05/29/2026
While the weather keeps you indoors, there are still plenty of ways landowners can improve the health, productivity, and future of their woodlands from home. Here are 5 things to do the next time you're stuck inside to benefit your forest!
1. Create or Update a Forest Management Plan
Review your property goals and outline priorities such as wildlife habitat, timber production, recreation, invasive species control, or wildfire prevention. Mapping out short- and long-term goals helps guide future management decisions.
2. Study Aerial Maps and Property Boundaries
Use online mapping tools or printed maps to identify woodland types, stream corridors, erosion-prone areas, access roads, and potential planting sites. Rainy days are great for organizing GIS files, trail maps, and boundary records.
3. Research Tree and Invasive Species Identification
Spend time learning to identify native trees, shrubs, insects, diseases, and invasive plants common to your area. Better identification skills make fieldwork more effective once the weather clears.
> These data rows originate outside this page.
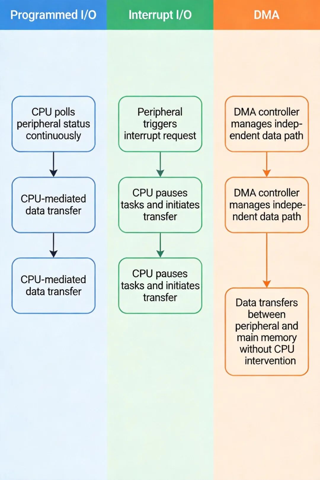 DMA(直接存储器访问)方式:在外设与主存之间建立独立数据通路,数据传输过程由 DMA 控制器全权负责,无需 CPU 介入,可实现大量数据的高速传输,是当前高速存储设备的主流控制方式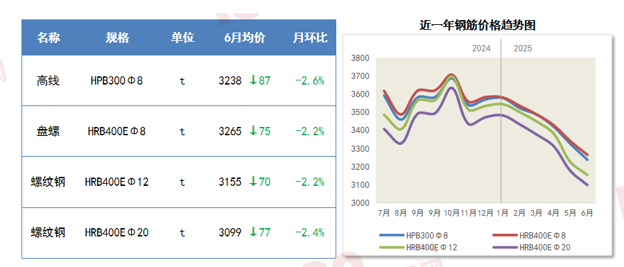 据中国建建材料结合会发布的数据,价钱下行。市场决心还正在修复,叠加中高考期间多个城市建建工地停工,比5月份回落2.3点,自2025年2月以来,建建材料价钱弱势运转。供应端收紧,“两沉”扶植加速推进,查看更多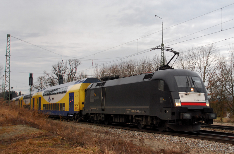 ES 64 U2-009, mit einer ausgewachsenen Metronom-Garnitur, aufgenommen bei der Ausfahrt aus Aßling, am 16.01.14.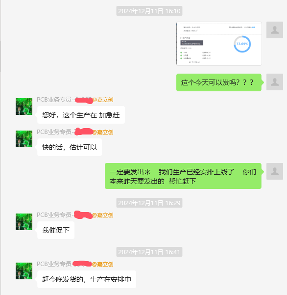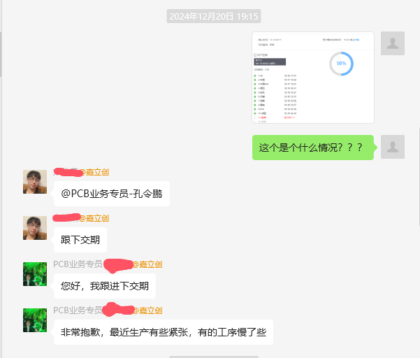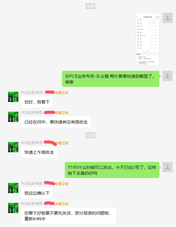 #嘉立创PCB#你们推迟交货的理由从开始的“我们会催生产会更进。。。到我们最近生产很忙,有的工序慢了点。。。。到有部分报废板要重新补料做。。。。。到现在的假发货状态。。。。。。。 ”。
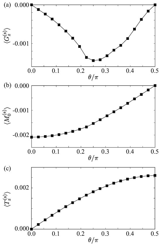 dependence of the expectation values of (a) the electric toroidal dipole , (b) the magnetic monopole , and (c) the magnetic toroidal dipole .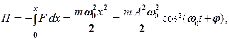 Потенциальная энергия материальной точки, совершающей гармонические колебания под действием упругой силы F, равна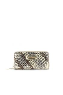 cartera redonda con cremallera trenzada metálica multicolor bronze/platinum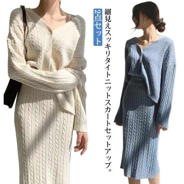 送料無料 セットアップ レディース 秋冬 ニット タイト スカート きれいめ 長袖 ロング フレアスカート マーメイドスカート ニットスカート 2点セット スカートスーツ 大人 お洒落 カーディガン OL 通勤 オフィス 出かけ 同窓会 ベージュ ブルー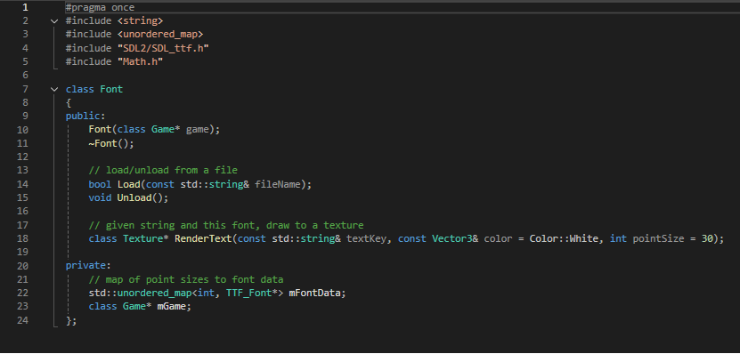 Load 함수는 특정한 파일의 폰트를 로드하고 Unload 함수는 모든 폰트 데이터를 해제한다. RenderText 함수는 문잗열과 문자열 색상, 그리고 폰트 크기를 파라미터로 받아 텍스처를 생성한다. TTF_OpenFont 함수는 .ttf 파일로부터 특정한 크기로 폰트를 로드하며 해당 크기와 일치하는 TTF_Font 폰트 데이터의 포인터를 반환한다. 게임에서 다양한 크기의 텍스트를 지원하려면 TTF_OpenFont를 여러 번 호출해야 할 것이다. Font::Load 함수에서는 먼저 생성하고자 하는 폰트 크기의 벡터를 정의한 뒤 이 벡터를 순회하면서 TTF_OpenFont를 호출한다. TTF_OpenFont는 폰트 크기마다 한 번씩 호출되며, 생성한 각각의 TTF_Font는 mFontData 맵에 추가된다.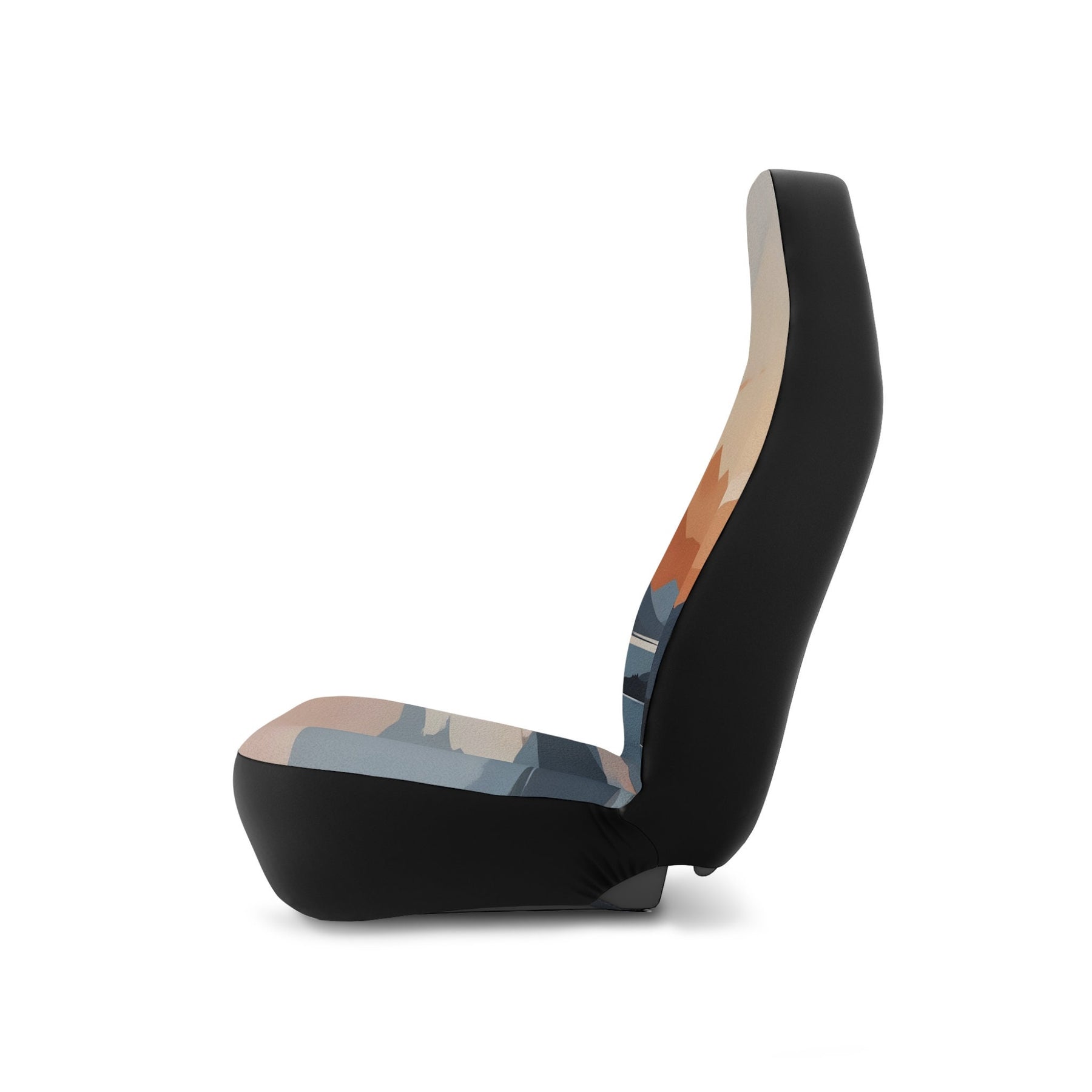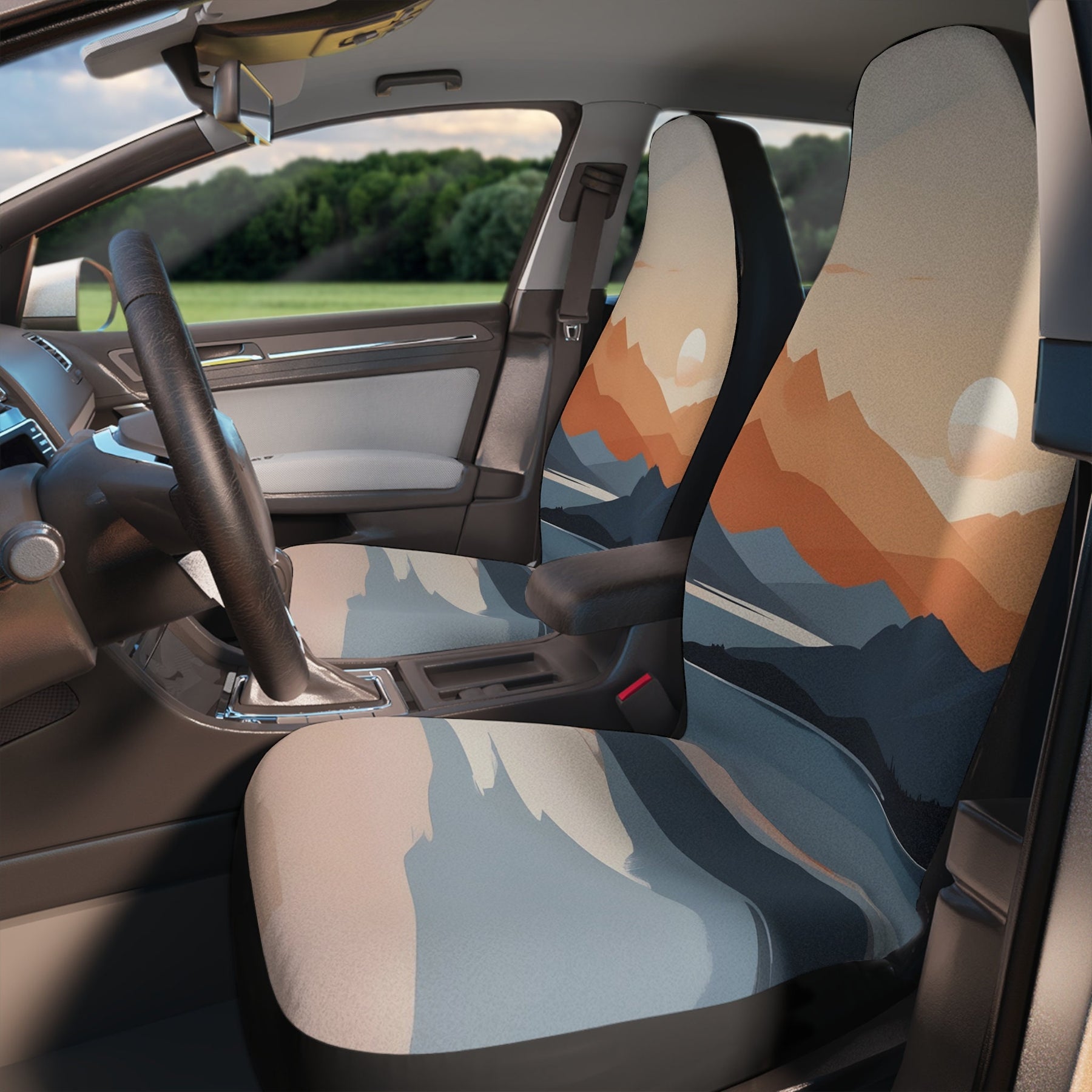 Our retro car seat cover brings vibrant 70s bucket seat style and durable protection to your vehicle, perfect for adding personality and safeguarding your seats during every road trip. Designed as a colorful seat cover with a groovy vibes design (featuring mountains and abstract sunset), this set of two covers is the perfect upgrade for your car, van, camper-van, or truck.

4. Organize Forestry Records and Photos
Sort receipts, planting records, burn plans, timber sale documents, wildlife observations, and seasonal photos. Keeping organized records helps track forest health changes over time and can assist with cost-share or tax programs.
5. Plan Future Projects and Order Supplies
Use the downtime to schedule tree planting projects, thinning work, prescribed burns, or habitat improvements. You can also compare equipment, order seedlings, sharpen chainsaw chains indoors, or prepare educational materials for family members or volunteers.
A rainy day can be one of the best opportunities to improve the long-term health and productivity of your woodland—just from the comfort of indoors.